Chapters of Salafi in the United States have been on the decline post 9/11, with barely a handful of them remaining. One factor, besides the apparent, is that the eastern Salafi believers did not care for the western. Looking to the premise of the movement, “only Muslims from Allah’s era can really understand,” and you can see why westerners would be even further off the mark. Additionally isolationism is to blame.

Offbeat Perceptions
While researching Salafi I found a lot of western literature criticizing them as a terrorist organization promoting violence. Although even al-Qaeda identifies themselves as Salafi. (Global security) But from my own assessment, however, it seems like they were scapegoated post 9/11 just like any other Islam group. But what struck me oddly was what a Muslim might say about a Salafi believer, “Mention the word ‘Salafi’ to a Muslim what often comes to mind is a criminal who marries several times.” (Umarless) However, that was a rare clip.

I do believe Salafi are both peaceful and violent in nature.

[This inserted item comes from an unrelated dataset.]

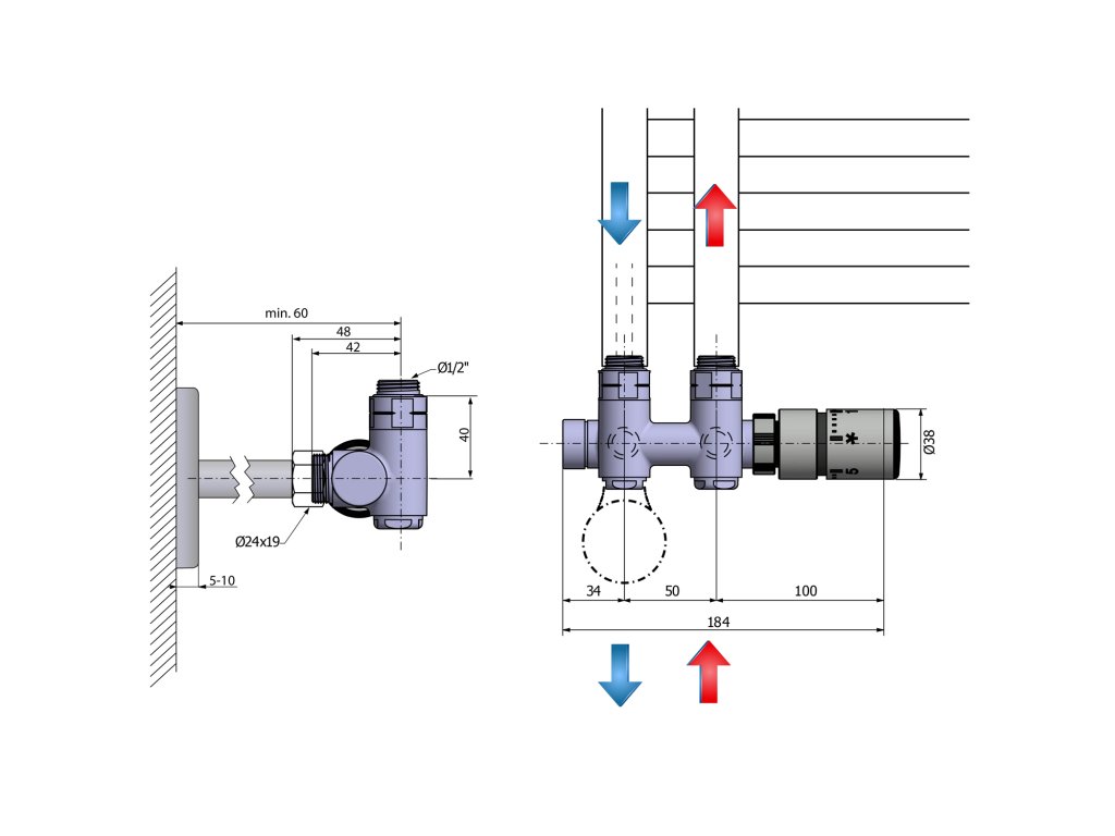 Ventil s termostatickou hlavicí: Integrovaný termostat udržuje nastavenou teplotu okolí. Termostatická hlavice musí být v místě přívodu teplé vody (mimo MONO ONE).

Islam is a peaceful message, yet it must also defend itself and spread at the same time… “Salafi projects therefore rely on memories of Islam's early battles in order to fight contemporary wars and reinvoke questions of survival and oneness in order to posit grounds for jihad against innocents.” (Clogic)

The Salafi envisioned society is utopian based precisely for its impossibility, for its purely imaginative status, according to Maryam El-Shall. (clogic) Shall calls the Golden Age of Islam a complete fantasy, a product of select memory even. “The Golden Age of Islam is remembered as the period of "pure Islam," when, because Muslims practiced their faith perfectly, God rained down His blessings on them, ensuring their military and economic success and as well as their cultural dominance.7 Not accidentally, this period also coincides with the West's Dark Ages.8 It was a utopic moment in the history of Islam precisely because it never really existed, except in the contemporary Salafi imagination.” (clogic) He summarizes the Salfi movement as one of “subjective unity,” using that phrase based on Freud’s definition of obsession with the past as a group.

”Part of the Salafi project, then, is not destruction of current Western hegemonic culture in the Muslim world and beyond, but an actual reconstruction of the past in the present for the creation of a kind of utopian future. In this way, then, the Salaf, like the Utopian, straddles two separate set of moments alternately. He looks to the past to correct the present and yet uses the present to create a future based dramatically on the ethos of a mythical past.” (Maryam El-Shall)

Salafism is another generic term used similarly, as a Sunni Islamic school of thought.